In 2018, the increase in total Diagnostic Products sales included the
acquisition of Alere, which was completed on October 3, 2017.  Excluding the
impact of the acquisition, as well as the impact of foreign exchange, sales in
the Diagnostic Products segment in 2018 increased 6.5 percent.  The 2018
increase in sales was primarily driven by above-market growth in Core Laboratory
in the U.S. and internationally.  In 2018, Abbott accelerated the roll out of
its Alinity systems for Core Laboratory in Europe.

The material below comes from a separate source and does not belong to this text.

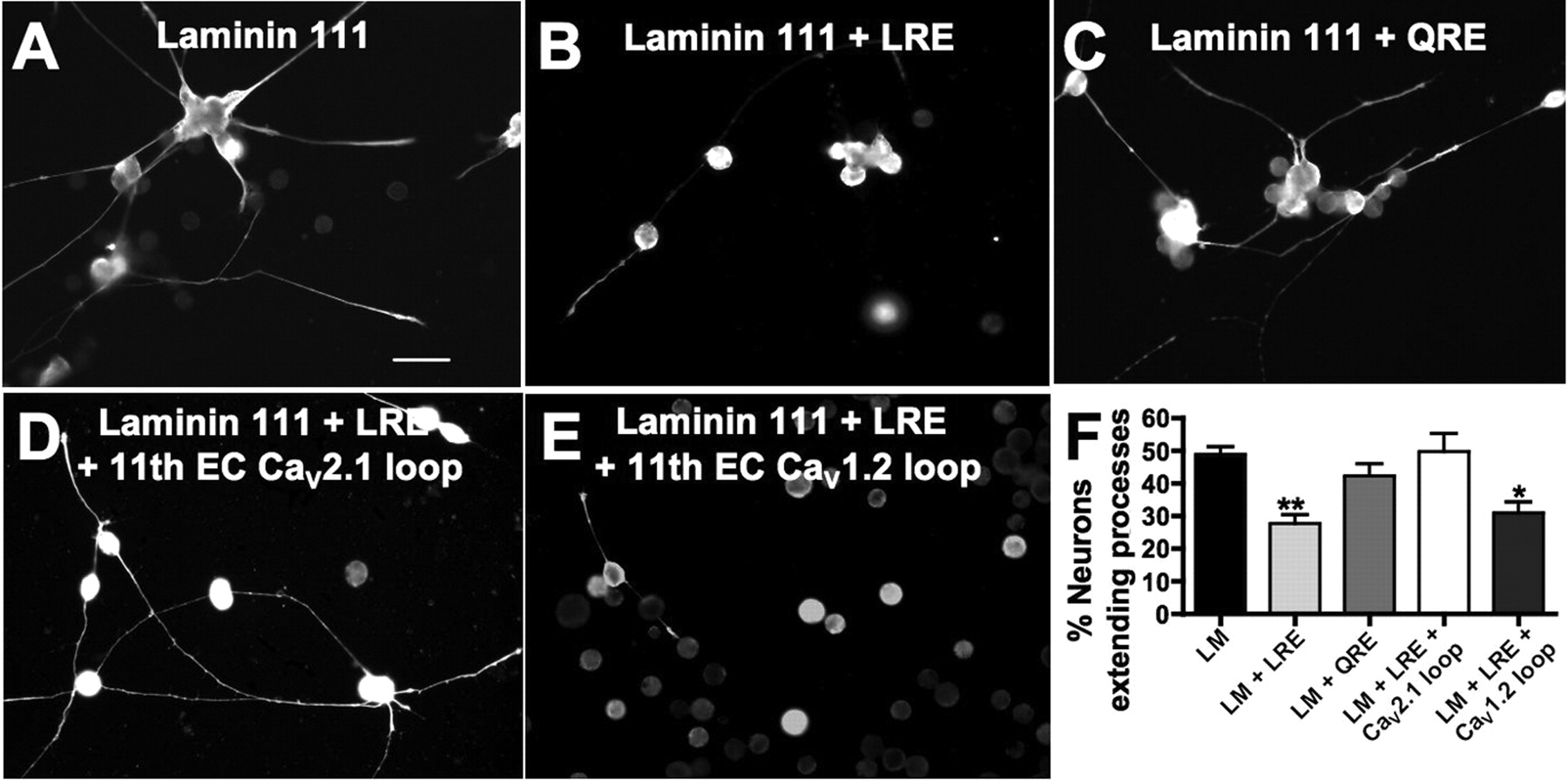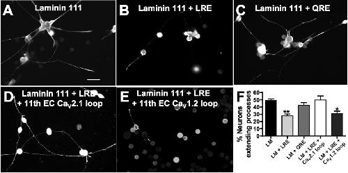 Laminin β2 specifically inhibits spinal neurite outgrowth. Xenopus neurons from stage 17 embryos were cultured on the following substrates and analyzed at 14â18 h in vitro: A, laminin (LM) with a β1 but not a β2 chain; B, a solublized 20 kDa LRE containing C-terminal fragment of laminin β2; C, a point-mutated (LREâQRE) laminin β2 fragment. Neurons identified by immunostaining for neuron-specific β-tubulin extended significantly fewer processes on substrates containing the LRE fragment compared with QRE or nonlaminin β2 substrates. Scale bar, 50 μm. D, Incubating neurons cultured on laminin plus the β2 LRE fragment with a competing peptide corresponding to the 11th extracellular LRE-binding loop of rat CaV2.1 (91% homologous to Xenopus CaV2.2) rescued neurite extension. E, Incubation with a control peptide corresponding to the 11th extracellular loop of rat CaV1.2 (61% homologous to Xenopus CaV2.2) did not prevent inhibition by laminin β2 LRE. F, Laminin β2 LRE significantly reduces the number of neurons extending processes in vitro. This effect is rescued by incubation with the competing CaV2.1 loop peptide (**p < 0.01, *p < 0.05, comparison to LM control; n ⥠300 neurons from â¥6 cultures). Error bars indicate SEM.

Excluding the effect of foreign exchange, total Medical Devices sales grew 10.5
percent and 9.0 percent in 2019 and 2018, respectively.  The 2019 sales increase
was driven by double-digit growth in Diabetes Care, Structural Heart,
Electrophysiology and Heart Failure.  The 2018 sales increase was driven by
growth in several areas, including double-digit growth in Diabetes Care,
Electrophysiology and Structural Heart.

The 2019 and 2018 growth in Diabetes Care revenue was driven by continued growth
of FreeStyle Libre, Abbott's continuous glucose monitoring system,
internationally and in the U.S.  In 2019, Freestyle Libre sales totaled $1.842
billion, which reflected a 69.8 percent increase over 2018 sales, excluding the
effect of foreign exchange. In July 2018, Abbott received U.S. FDA approval of
its FreeStyle Libre 14 day sensor, making it the longest lasting wearable
glucose sensor available.  In October 2018, Abbott obtained CE Mark for its
Freestyle Libre 2 system, a next-generation product offering with optional
real-time alarms.

The 2019 growth in Structural Heart revenue was broad-based across several areas
of the business, including MitraClip, Abbott's market-leading device for the
minimally invasive treatment of mitral regurgitation (MR), a leaky heart valve.
During the first quarter of 2019, Abbott received U.S. FDA approval for a new,
expanded indication for MitraClip to treat clinically significant secondary MR
as a result of underlying heart failure. This new indication expands the number
of people with MR that can be treated with the MitraClip device.  In July 2019,
Abbott received U.S. FDA approval of the next generation of its MitraClip
device, which includes a new leaflet grasping enhancement, an expanded range of
clip sizes and facilitation of procedure assessment in real time to offer
doctors further options when treating mitral valve disease.  In 2018, growth in
Structural Heart was driven by several product areas including MitraClip and the
AMPLATZER® PFO occluder, a device designed to close a hole-like opening in the
heart.  In September 2018, Abbott announced positive clinical results from its
COAPT study, which demonstrated that MitraClip improved survival and clinical
outcomes for select patients with functional MR.  In September 2019, Abbott
announced additional data from its COAPT trial that shows that MitraClip is
projected to increase life expectancy and quality of life compared to
guideline-directed medical therapy alone in heart failure patients with
secondary MR.

In 2019, the growth in Electrophysiology revenue reflects higher sales of cardiac diagnostic and ablation catheters in both the U.S. and internationally.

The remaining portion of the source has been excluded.